Try to steer away from the financial part of the equation when you talk to the hospital's physicians, Imperati advises.
"Otherwise, you're talking money and they're looking at patient care. It's better to keep them focused on documenting what they do for their patients in terms of quality because when the focus is on quality, everything else will fall into place," she says.
For instance, better documentation can improve a hospital's CMS report card, internal report cards, and report cards maintained by commercial payers because the improved documentation more accurately captures the severity of illness and helps to justify the length of stay and resource utilization.
"All doctors will tell you that their patients are sicker. We explain to them that our goal is to help them capture that in the documentation," says Imperati.
Imperati tells physicians that learning what to document in the hospital also can translate into better documentation in their office practice.
"Medicare is heading toward pay for performance for physicians in their office. Documentation improvement in the hospital gets them headed in the right direction," she says.
When your project begins, encourage communication between the health information management staff and the case managers so the coders understand the goals and benefits of the program — and that case managers aren't interested in taking their jobs, Eyer suggests.
"Experienced coders often have considerable clinical knowledge and will welcome the opportunity to team with case managers to secure the documentation they so badly need in order to code accurately," she says.
Arrange regular meetings between the case management staff and coding staff to brainstorm on difficult cases and share successes, she adds.
After the training process, the hospital should measure whether the documentation enhancement initiative is making a difference, Hale says.
Monitor the hospital case mix index and top DRGs over time to determine your successes in capturing complications and comorbidities, Eyer suggests. Track physician compliance and physician feedback and communicate them to the appropriate people within the organization, including senior management and physician leadership.

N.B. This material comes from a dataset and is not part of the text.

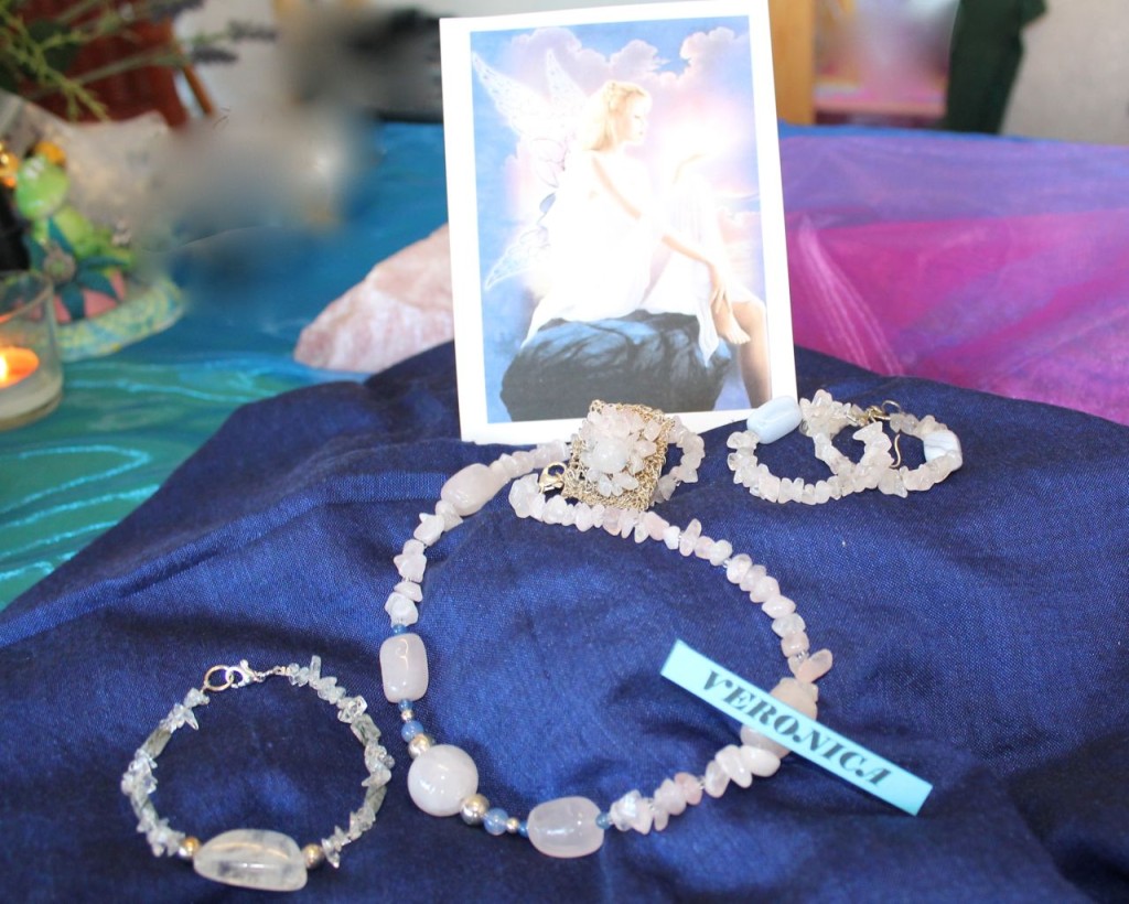 La collana Calliope è costituita da pezzi di ossidiana fiocco di neve(dal classico colore nero con macchie che vanno dal grigio al bianco, dalla forma di un fiocco di neve, da qui il nome)incastonati nel filo in argento, intercalati con piccoli pezzi di quarzo rosa, anch’essi incastonati. la parte centrale è formata da un pendente della stessa forma degli elementi che compongono la collana.
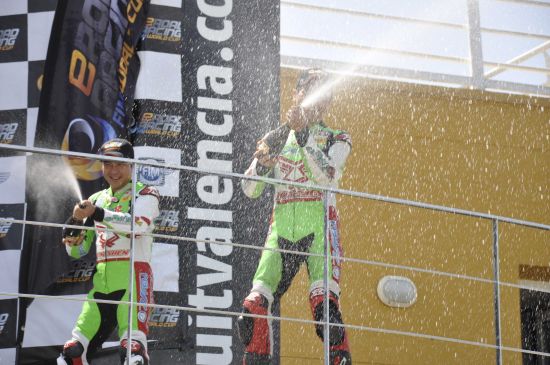 核心提示:何智鋒和蘇榮在噴灑勝利的香檳。蘇榮在奪得決賽冠軍。2013年世界杯電動摩托車公路賽西班牙瓦倫西亞站比賽,于當?shù)貢r間7月14日下

Another way to measure success is to track the rate of the assignment of cases to a certain DRG after the training compared to baseline. The information is reported in your hospital's Program for Evaluating Payment Patterns Electronic Report data but case management directors may find it useful to track the data on a monthly basis, Hale says.
Look at the paired DRGs and track how many you report without complications or comorbidities. If your hospital ranks lower than your state's median, it indicates an opportunity for improvement, Hale says.
"With DRG-based reimbursement contracts, you can measure the financial difference from the moment the chart gets coded if the improved documentation puts the patient into a better- paying DRG," Imperati says.